Washington has also failed to obtain any terror finance convictions, even though many of the money-laundering schemes in question continue to go through the United States. These schemes, however, pose not only terror finance concerns, which would be bad enough. They constitute a threat to the integrity of the U.S. financial system.
There is abundant evidence that U.S. authorities could use their leverage to go after Hezbollah more effectively. Washington has multiple ways it could go about this.
First, the Trump administration should unleash the Department of Justice against Hezbollah’s networks. To do that, the department needs to have more resources dedicated to the effort: more attorneys, more analysts, more interpreters, more field agents, preferably with language skills that include not just Spanish and Portuguese but Arabic as well. Calling something a task force cannot make up for shortages of staff and resources.
Second, the Trump administration should impose sanctions, prosecutions, and other interdictory actions against malign actors rather than leave them in the field, as intelligence officials often advocate, in the hope they can turn into informants. Confidential sources within the intelligence community in Latin America have complained to the Foundation for Defense of Democracies that the State Department has vetoed numerous arrest warrants against Hezbollah operatives. If this were true, it would seriously undermine U.S. national security objectives.

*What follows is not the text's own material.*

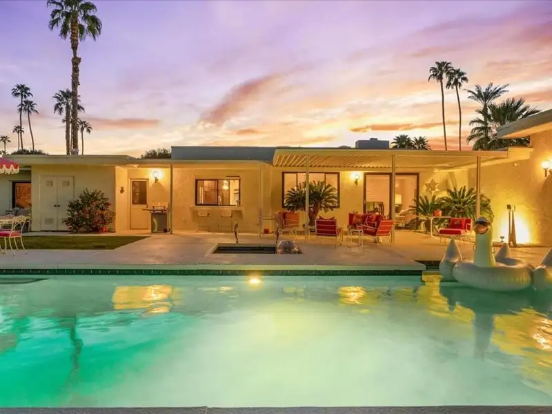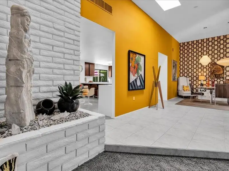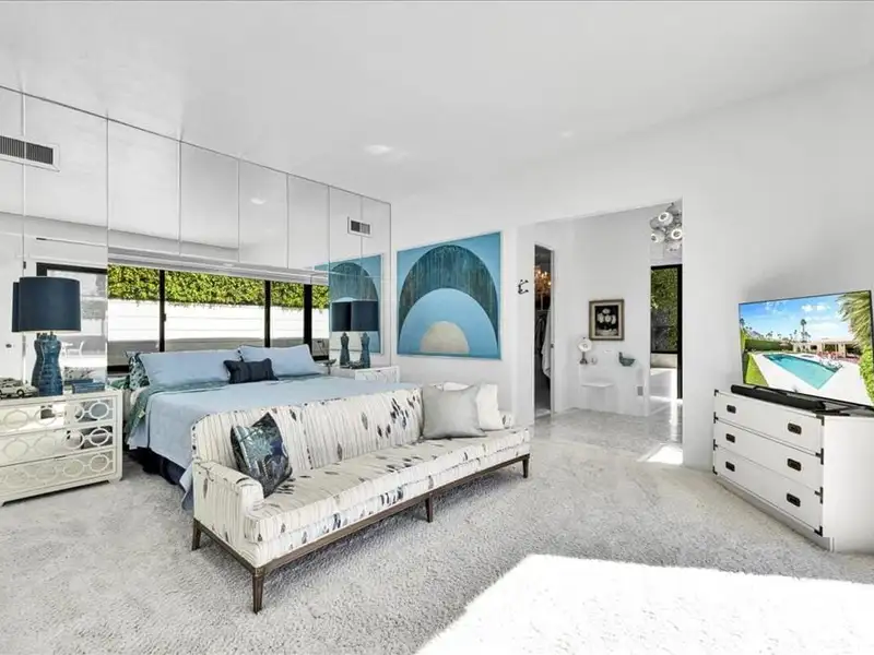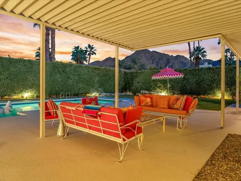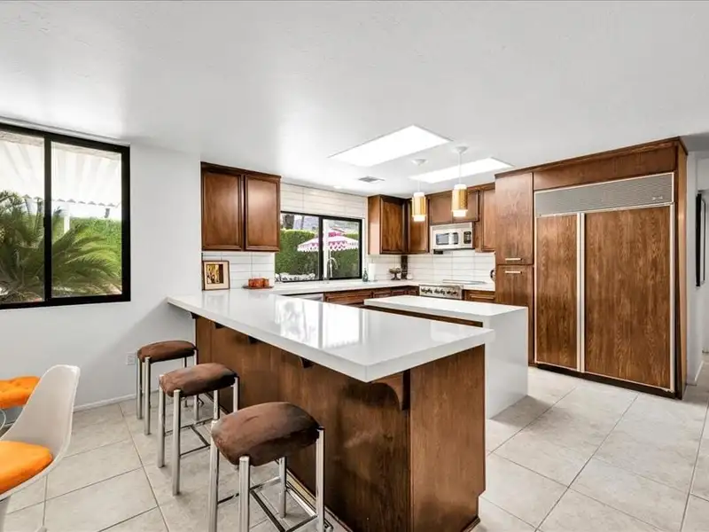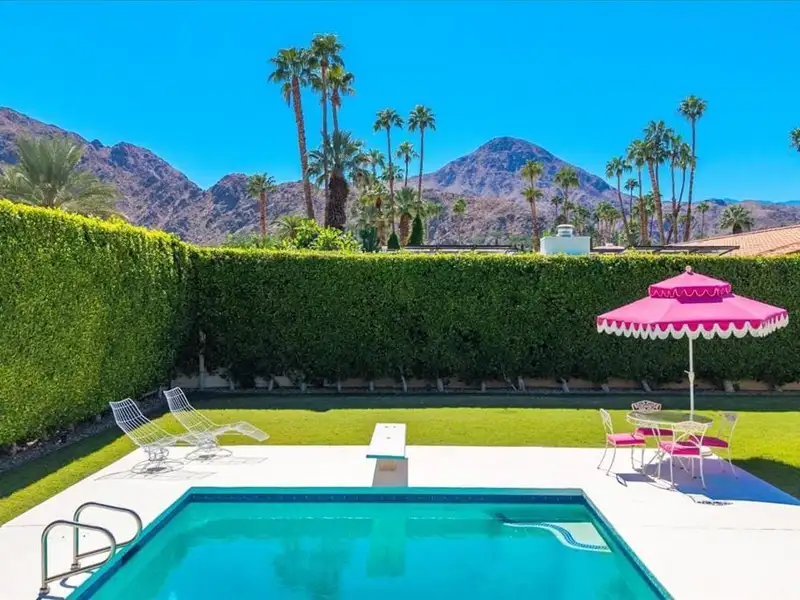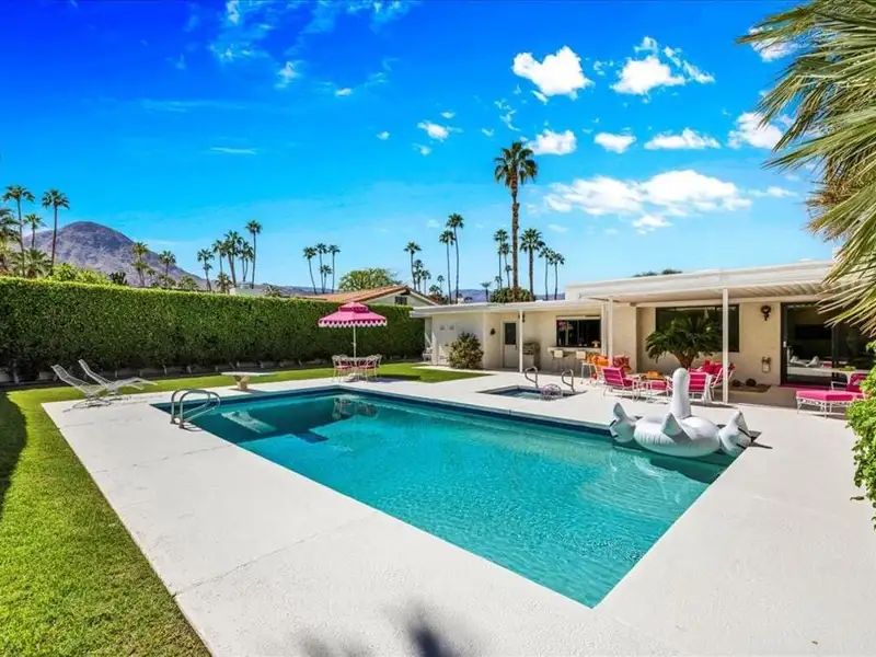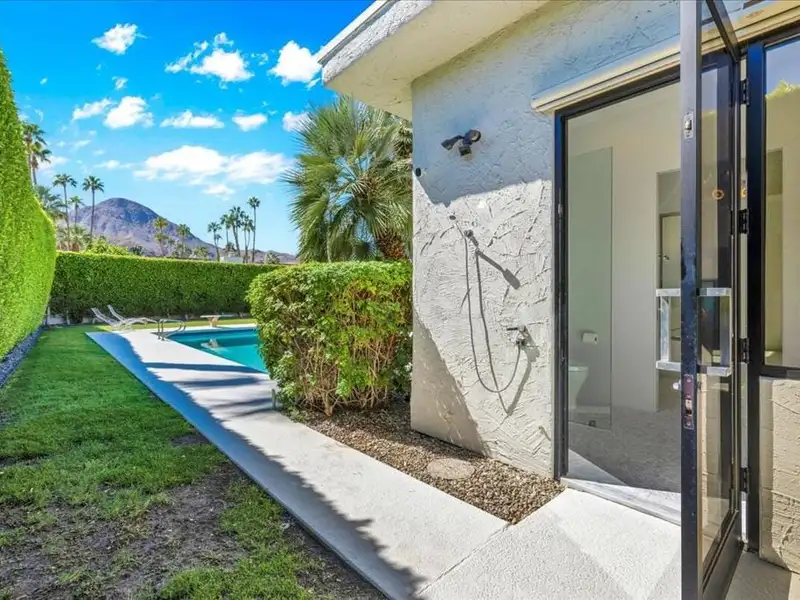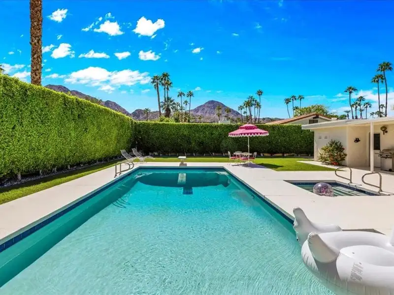 Nestled in one of the most beautiful and serene neighborhoods in Indian Wells, this mid-century home has been subtly and meticulously upgraded to maintain the best of its original charm. Textured relief on the front of the home is the first hint of mid-century character extending throughout the home. Intricately carved entry doors welcome you home with grace and elegance. A sunken living room with soaring ceilings is chic and comfortable, perfect for entertaining. A formal dining room opens out through Fleetwood sliders to a private front patio. The kitchen is updated with a Sub-Zero fridge and Viking induction range. A breakfast nook and family room are adjacent, with a cozy gas fireplace. Generously sized guest bedrooms make this a truly livable home. Each one accommodates a king-size bed and a desk or seating area. Each has a walk-in closet. The hall bath is large and serves both guest bedrooms, but could be converted into 2 separate en-suite bathrooms. The primary suite is a serene retreat, with direct access to the pool, a spacious walk-in closet, and a spa-inspired bath with soaking tub and walk-in shower. Wake up to spectacular views of Mount Eisenhower every day. On the south side of the home is a spacious laundry room and an in-law suite, with generously sized bedroom and a bathroom with its original countertop and shower tile in beautiful condition. A spotless, air-conditioned 3-car garage gives you plenty of room for your golf cart or a fun vintage car! Step outside to your private resort oasis, where a sparkling pool and spa are framed by lush landscaping and high hedges for the utmost in privacy. The covered patio gives you ample room for al fresco dining - seamless indoor-outdoor flow embodies the essence of desert luxury living. This home was designed and built by Vicki McDermott (Miss Palm Springs of 1961!) who is renowned for her gracious homes in the area. This coveted enclave east of Eldorado has no HOA! As an Indian Wells resident, you'll enjoy exclusive privileges, including golf and spa discounts at world-renowned resorts, adding to the unmatched lifestyle you will lead. Indian Wells allows rentals of 29 nights or more year-around and one short-term (7-night minimum) rental during the annual BNP Paribas tennis tournament. Homes in this neighborhood are rarely available. This is an exceptional opportunity to own in one of Indian Wells' most distinguished communities. Make an appointment to see it today!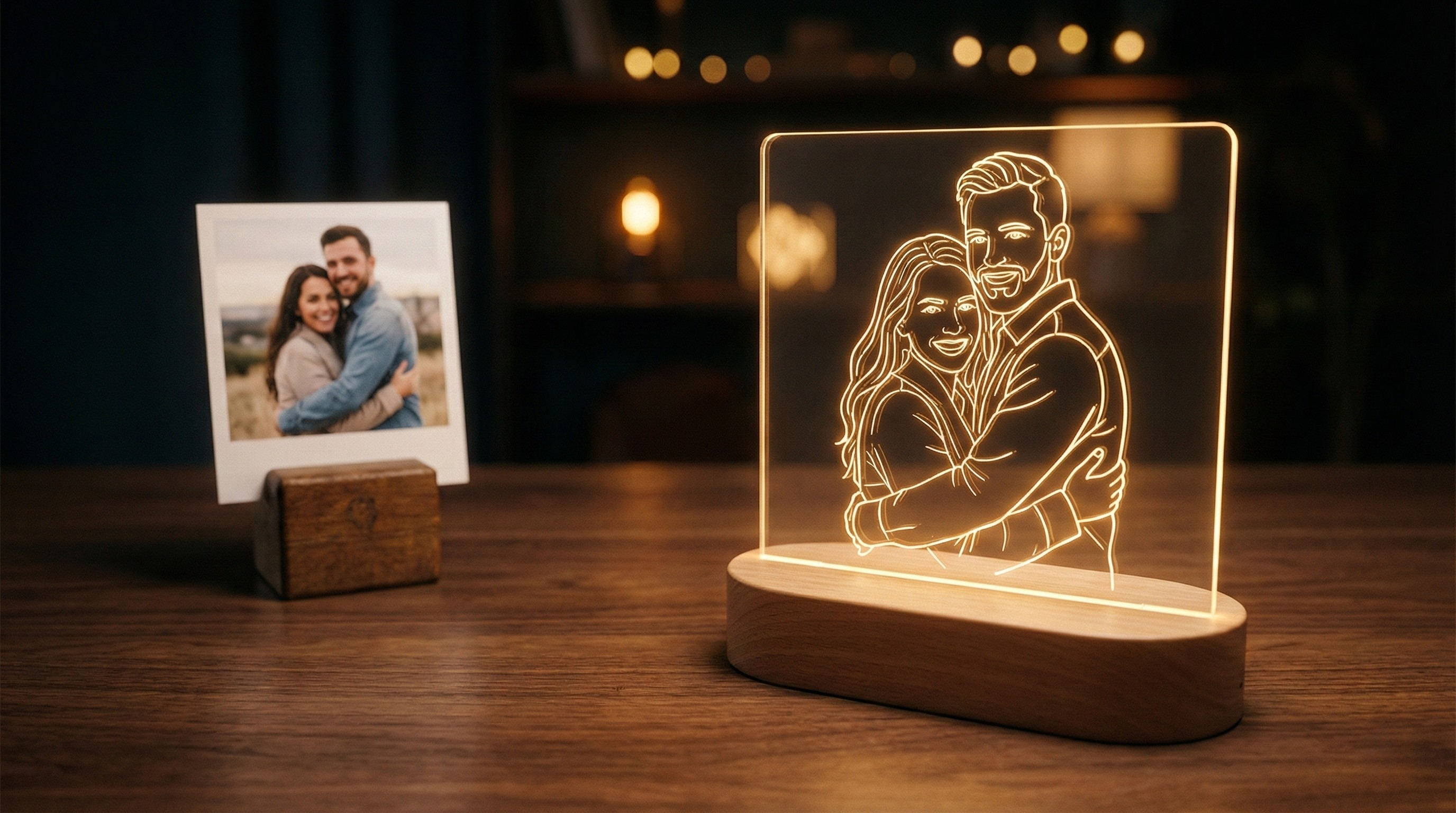 Transformez votre photo préférée en un souvenir délicatement lumineux—gravé au laser sur un acrylique cristal, posé sur un socle en bois massif.

Third, the United States should start targeting Hezbollah’s enablers. If countries like Paraguay cannot or will not clean up their politics and banking system, the United States should press international forums like the Financial Action Task Force to blacklist them. (Paraguay’s status in task force’s regional body is currently under review.) The Treasury Department can also designate financial institutions used by Hezbollah as entities of primary money laundering concern under Section 311 of the U.S. Patriot Act. This is the same measure Obama used to target the Lebanese Canadian Bank in 2011. The combined pressure of the Section 311 designation and the U.S. criminal prosecution was ultimately responsible for forcing the bank to clean up its act.
Fourth, the Trump administration could target entire foreign jurisdictions in Latin America, such as the TBA, as zones of concern, much the same way that Washington previously punished Iran’s banking system for its role in financing terrorism and proliferation.
Fifth, the United States should deny or revoke the visas of Latin American officials that go out of their way to engage with Hezbollah or that stand in the way of U.S. justice. Some Latin American political and economic elites may consort with criminals, but they also love the United States as a place to study, vacation, and shop. This provides Washington with enormous leverage. Sometimes, public humiliation can be more effective than a judicial proceeding.
Finally, the United States should reinforce the impact of its terror designations against Hezbollah financiers in Latin America by also targeting local companies that help them. Sanctioned individuals are still trading and traveling with little problem. If the Treasury Department began regularly imposing fines and designations against local companies that facilitated such activities, they will be more likely to cut their ties to Hezbollah.
The Trump administration is successfully squeezing Iran’s economy. However, unless it extends its maximum-pressure campaign to Hezbollah’s multiple streams of revenue, Tehran’s terrorist proxy will retain its ability to strike at U.S. interests while continuing to fundraise for its own needs.